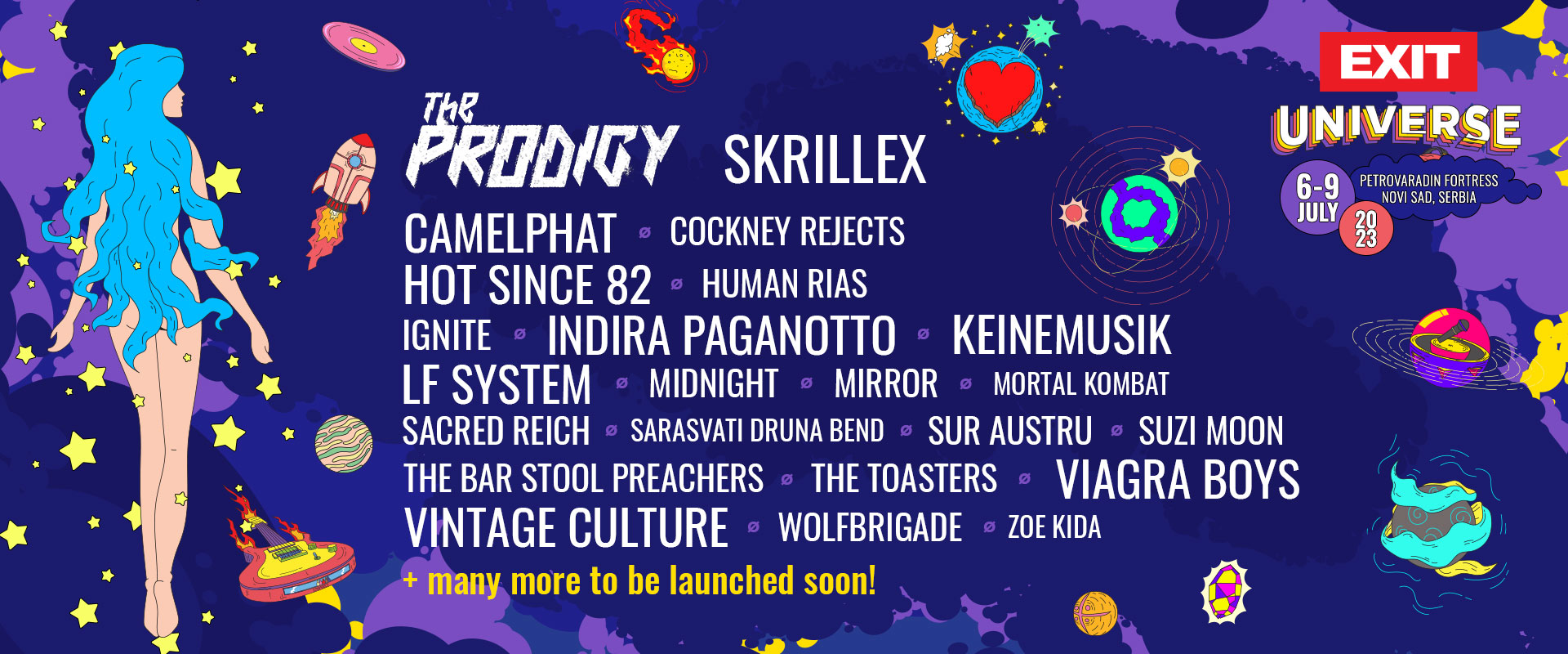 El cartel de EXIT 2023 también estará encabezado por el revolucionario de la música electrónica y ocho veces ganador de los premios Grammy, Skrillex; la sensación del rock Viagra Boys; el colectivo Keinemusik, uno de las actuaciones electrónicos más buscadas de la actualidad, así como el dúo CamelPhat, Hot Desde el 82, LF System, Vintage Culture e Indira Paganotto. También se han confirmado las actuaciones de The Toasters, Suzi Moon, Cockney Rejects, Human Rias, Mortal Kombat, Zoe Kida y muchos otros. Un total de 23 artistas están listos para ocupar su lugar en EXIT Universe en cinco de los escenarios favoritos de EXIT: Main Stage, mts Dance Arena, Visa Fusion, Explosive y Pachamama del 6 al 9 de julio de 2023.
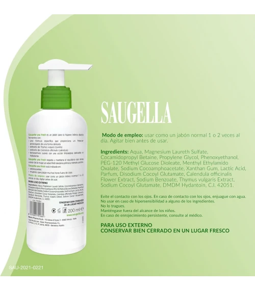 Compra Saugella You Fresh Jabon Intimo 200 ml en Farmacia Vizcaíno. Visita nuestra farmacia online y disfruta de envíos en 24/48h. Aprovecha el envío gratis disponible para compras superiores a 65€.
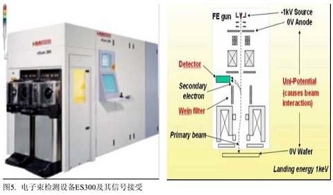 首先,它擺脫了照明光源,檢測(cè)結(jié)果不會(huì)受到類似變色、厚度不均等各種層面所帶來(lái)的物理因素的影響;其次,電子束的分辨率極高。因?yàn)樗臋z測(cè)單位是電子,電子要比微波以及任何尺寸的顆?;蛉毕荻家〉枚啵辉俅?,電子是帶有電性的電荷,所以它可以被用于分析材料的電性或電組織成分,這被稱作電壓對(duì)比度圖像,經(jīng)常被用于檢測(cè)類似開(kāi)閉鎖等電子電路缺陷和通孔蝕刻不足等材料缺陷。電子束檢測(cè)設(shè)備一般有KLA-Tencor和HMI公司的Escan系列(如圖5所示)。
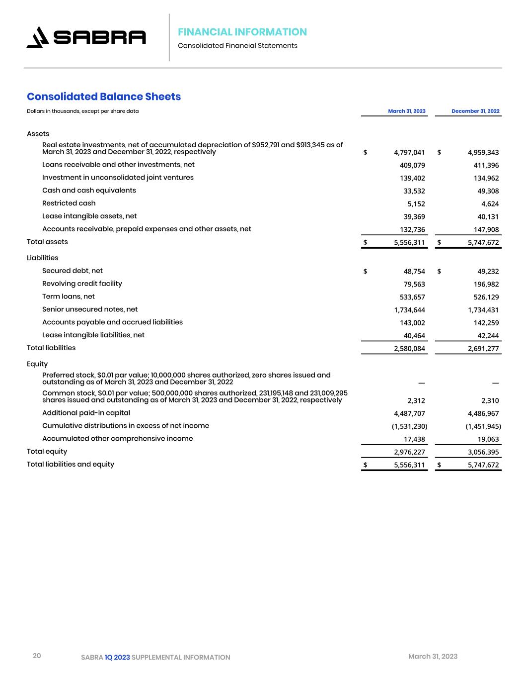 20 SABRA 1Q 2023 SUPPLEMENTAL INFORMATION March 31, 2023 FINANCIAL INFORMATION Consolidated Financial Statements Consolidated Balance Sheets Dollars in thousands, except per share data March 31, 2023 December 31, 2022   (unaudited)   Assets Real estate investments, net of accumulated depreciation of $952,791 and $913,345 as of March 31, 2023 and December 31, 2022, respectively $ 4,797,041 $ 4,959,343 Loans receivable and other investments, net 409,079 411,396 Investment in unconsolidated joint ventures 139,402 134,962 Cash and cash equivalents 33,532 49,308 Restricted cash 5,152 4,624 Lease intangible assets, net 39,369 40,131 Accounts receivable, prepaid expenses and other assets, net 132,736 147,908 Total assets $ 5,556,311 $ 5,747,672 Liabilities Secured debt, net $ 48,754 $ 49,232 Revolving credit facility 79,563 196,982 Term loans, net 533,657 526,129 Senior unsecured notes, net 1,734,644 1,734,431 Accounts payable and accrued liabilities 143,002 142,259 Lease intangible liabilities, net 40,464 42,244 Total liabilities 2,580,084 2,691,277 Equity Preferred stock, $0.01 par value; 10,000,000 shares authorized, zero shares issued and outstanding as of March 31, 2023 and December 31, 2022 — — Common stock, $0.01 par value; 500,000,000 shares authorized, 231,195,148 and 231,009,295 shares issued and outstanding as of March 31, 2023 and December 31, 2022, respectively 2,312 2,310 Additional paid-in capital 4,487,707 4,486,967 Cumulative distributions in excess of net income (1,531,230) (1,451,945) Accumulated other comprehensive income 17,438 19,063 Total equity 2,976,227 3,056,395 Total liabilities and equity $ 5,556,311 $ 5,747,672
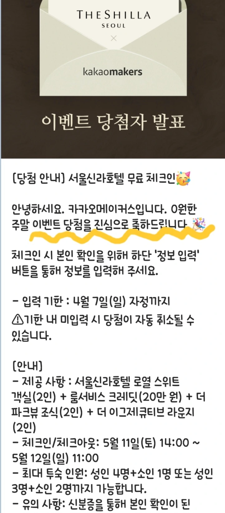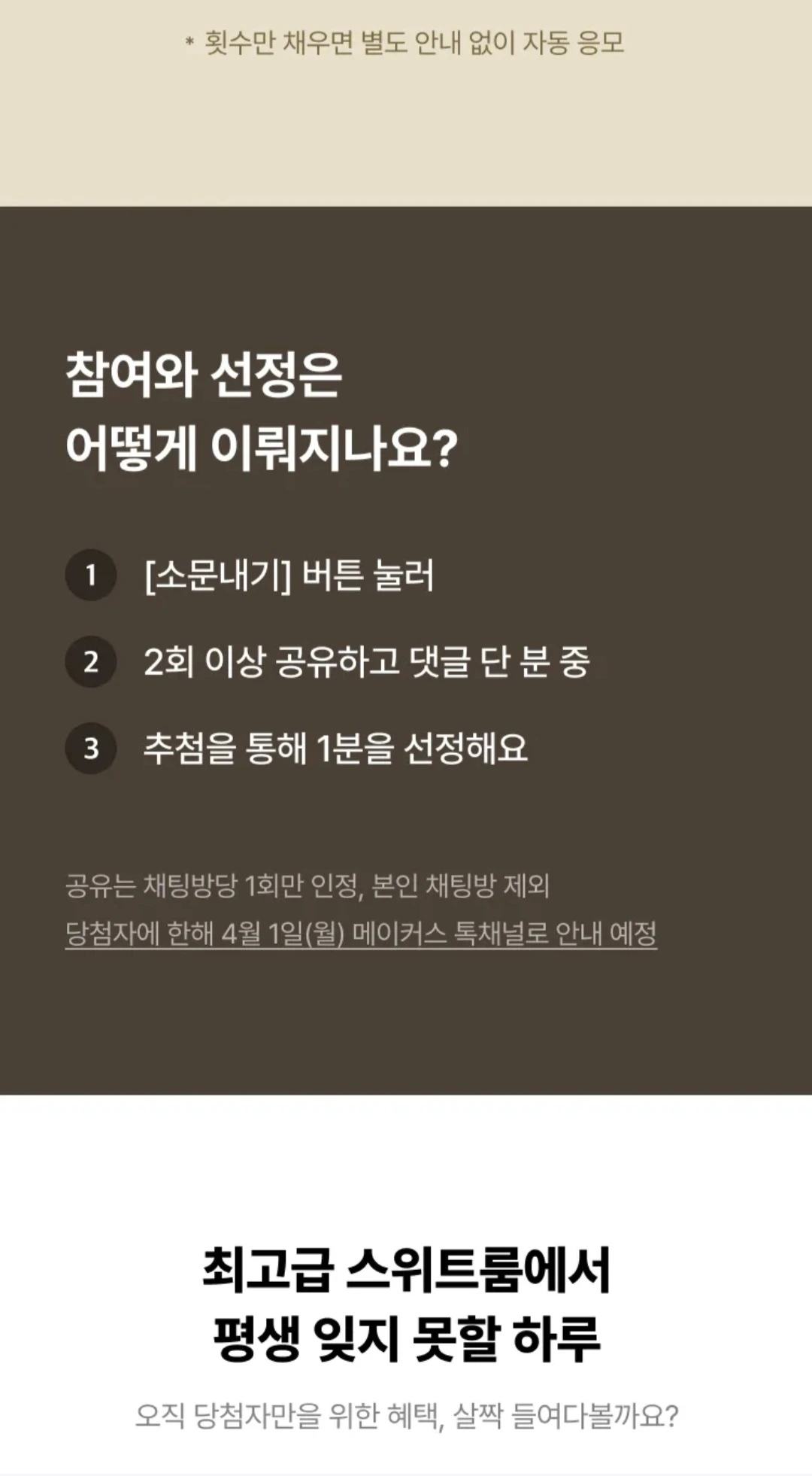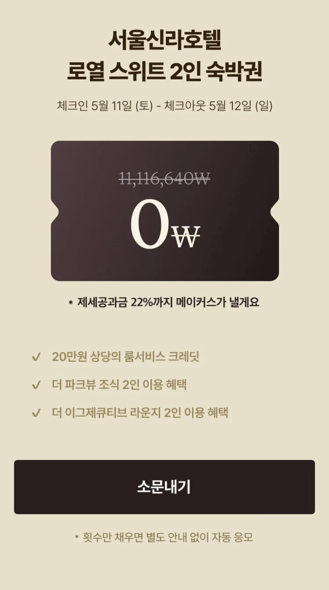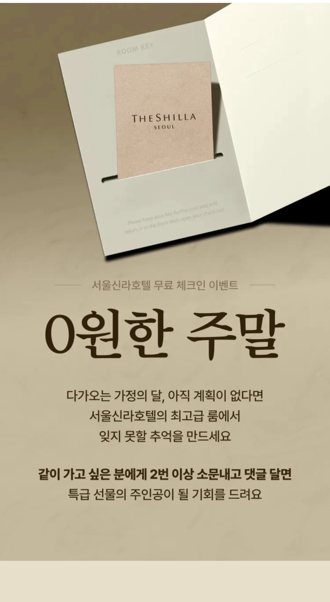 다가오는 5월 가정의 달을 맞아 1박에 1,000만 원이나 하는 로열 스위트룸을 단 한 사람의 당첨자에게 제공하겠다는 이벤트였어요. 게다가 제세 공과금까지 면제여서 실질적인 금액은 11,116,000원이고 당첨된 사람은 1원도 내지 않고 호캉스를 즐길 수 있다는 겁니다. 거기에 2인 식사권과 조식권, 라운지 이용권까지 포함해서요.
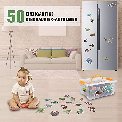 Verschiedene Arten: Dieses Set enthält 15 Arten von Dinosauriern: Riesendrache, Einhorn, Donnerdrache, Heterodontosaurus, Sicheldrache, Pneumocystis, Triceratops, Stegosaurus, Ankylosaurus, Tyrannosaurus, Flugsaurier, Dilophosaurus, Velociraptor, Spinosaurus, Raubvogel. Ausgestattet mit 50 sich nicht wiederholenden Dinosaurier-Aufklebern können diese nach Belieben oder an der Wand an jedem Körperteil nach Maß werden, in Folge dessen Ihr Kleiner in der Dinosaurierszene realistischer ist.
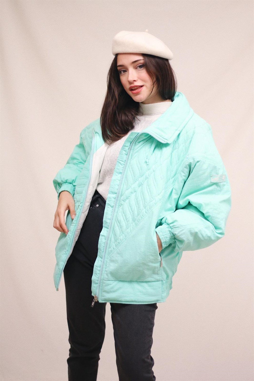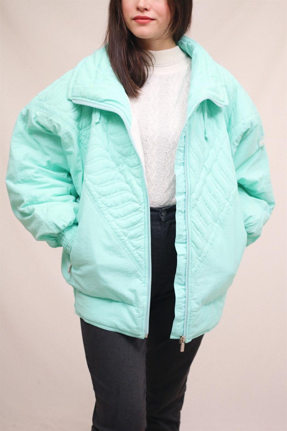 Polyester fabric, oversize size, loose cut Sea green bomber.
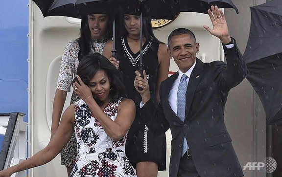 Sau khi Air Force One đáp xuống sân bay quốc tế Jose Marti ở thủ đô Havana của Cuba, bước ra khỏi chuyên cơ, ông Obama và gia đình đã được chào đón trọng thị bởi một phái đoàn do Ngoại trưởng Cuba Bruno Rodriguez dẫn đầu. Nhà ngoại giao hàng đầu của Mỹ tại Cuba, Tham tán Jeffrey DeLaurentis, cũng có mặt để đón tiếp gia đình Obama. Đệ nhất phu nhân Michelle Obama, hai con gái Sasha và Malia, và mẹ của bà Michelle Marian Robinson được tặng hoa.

WORK ORDER: Except for pictures, copy the records above exactly.

ANSWER SECTION:
 El cartel de EXIT 2023 también estará encabezado por el revolucionario de la música electrónica y ocho veces ganador de los premios Grammy, Skrillex; la sensación del rock Viagra Boys; el colectivo Keinemusik, uno de las actuaciones electrónicos más buscadas de la actualidad, así como el dúo CamelPhat, Hot Desde el 82, LF System, Vintage Culture e Indira Paganotto. También se han confirmado las actuaciones de The Toasters, Suzi Moon, Cockney Rejects, Human Rias, Mortal Kombat, Zoe Kida y muchos otros. Un total de 23 artistas están listos para ocupar su lugar en EXIT Universe en cinco de los escenarios favoritos de EXIT: Main Stage, mts Dance Arena, Visa Fusion, Explosive y Pachamama del 6 al 9 de julio de 2023.
 Compra Saugella You Fresh Jabon Intimo 200 ml en Farmacia Vizcaíno. Visita nuestra farmacia online y disfruta de envíos en 24/48h. Aprovecha el envío gratis disponible para compras superiores a 65€.
 首先,它擺脫了照明光源,檢測(cè)結(jié)果不會(huì)受到類似變色、厚度不均等各種層面所帶來(lái)的物理因素的影響;其次,電子束的分辨率極高。因?yàn)樗臋z測(cè)單位是電子,電子要比微波以及任何尺寸的顆?;蛉毕荻家〉枚啵辉俅?,電子是帶有電性的電荷,所以它可以被用于分析材料的電性或電組織成分,這被稱作電壓對(duì)比度圖像,經(jīng)常被用于檢測(cè)類似開(kāi)閉鎖等電子電路缺陷和通孔蝕刻不足等材料缺陷。電子束檢測(cè)設(shè)備一般有KLA-Tencor和HMI公司的Escan系列(如圖5所示)。
 20 SABRA 1Q 2023 SUPPLEMENTAL INFORMATION March 31, 2023 FINANCIAL INFORMATION Consolidated Financial Statements Consolidated Balance Sheets Dollars in thousands, except per share data March 31, 2023 December 31, 2022   (unaudited)   Assets Real estate investments, net of accumulated depreciation of $952,791 and $913,345 as of March 31, 2023 and December 31, 2022, respectively $ 4,797,041 $ 4,959,343 Loans receivable and other investments, net 409,079 411,396 Investment in unconsolidated joint ventures 139,402 134,962 Cash and cash equivalents 33,532 49,308 Restricted cash 5,152 4,624 Lease intangible assets, net 39,369 40,131 Accounts receivable, prepaid expenses and other assets, net 132,736 147,908 Total assets $ 5,556,311 $ 5,747,672 Liabilities Secured debt, net $ 48,754 $ 49,232 Revolving credit facility 79,563 196,982 Term loans, net 533,657 526,129 Senior unsecured notes, net 1,734,644 1,734,431 Accounts payable and accrued liabilities 143,002 142,259 Lease intangible liabilities, net 40,464 42,244 Total liabilities 2,580,084 2,691,277 Equity Preferred stock, $0.01 par value; 10,000,000 shares authorized, zero shares issued and outstanding as of March 31, 2023 and December 31, 2022 — — Common stock, $0.01 par value; 500,000,000 shares authorized, 231,195,148 and 231,009,295 shares issued and outstanding as of March 31, 2023 and December 31, 2022, respectively 2,312 2,310 Additional paid-in capital 4,487,707 4,486,967 Cumulative distributions in excess of net income (1,531,230) (1,451,945) Accumulated other comprehensive income 17,438 19,063 Total equity 2,976,227 3,056,395 Total liabilities and equity $ 5,556,311 $ 5,747,672
 다가오는 5월 가정의 달을 맞아 1박에 1,000만 원이나 하는 로열 스위트룸을 단 한 사람의 당첨자에게 제공하겠다는 이벤트였어요. 게다가 제세 공과금까지 면제여서 실질적인 금액은 11,116,000원이고 당첨된 사람은 1원도 내지 않고 호캉스를 즐길 수 있다는 겁니다. 거기에 2인 식사권과 조식권, 라운지 이용권까지 포함해서요.
 Verschiedene Arten: Dieses Set enthält 15 Arten von Dinosauriern: Riesendrache, Einhorn, Donnerdrache, Heterodontosaurus, Sicheldrache, Pneumocystis, Triceratops, Stegosaurus, Ankylosaurus, Tyrannosaurus, Flugsaurier, Dilophosaurus, Velociraptor, Spinosaurus, Raubvogel. Ausgestattet mit 50 sich nicht wiederholenden Dinosaurier-Aufklebern können diese nach Belieben oder an der Wand an jedem Körperteil nach Maß werden, in Folge dessen Ihr Kleiner in der Dinosaurierszene realistischer ist.
 Polyester fabric, oversize size, loose cut Sea green bomber.
 Sau khi Air Force One đáp xuống sân bay quốc tế Jose Marti ở thủ đô Havana của Cuba, bước ra khỏi chuyên cơ, ông Obama và gia đình đã được chào đón trọng thị bởi một phái đoàn do Ngoại trưởng Cuba Bruno Rodriguez dẫn đầu. Nhà ngoại giao hàng đầu của Mỹ tại Cuba, Tham tán Jeffrey DeLaurentis, cũng có mặt để đón tiếp gia đình Obama. Đệ nhất phu nhân Michelle Obama, hai con gái Sasha và Malia, và mẹ của bà Michelle Marian Robinson được tặng hoa.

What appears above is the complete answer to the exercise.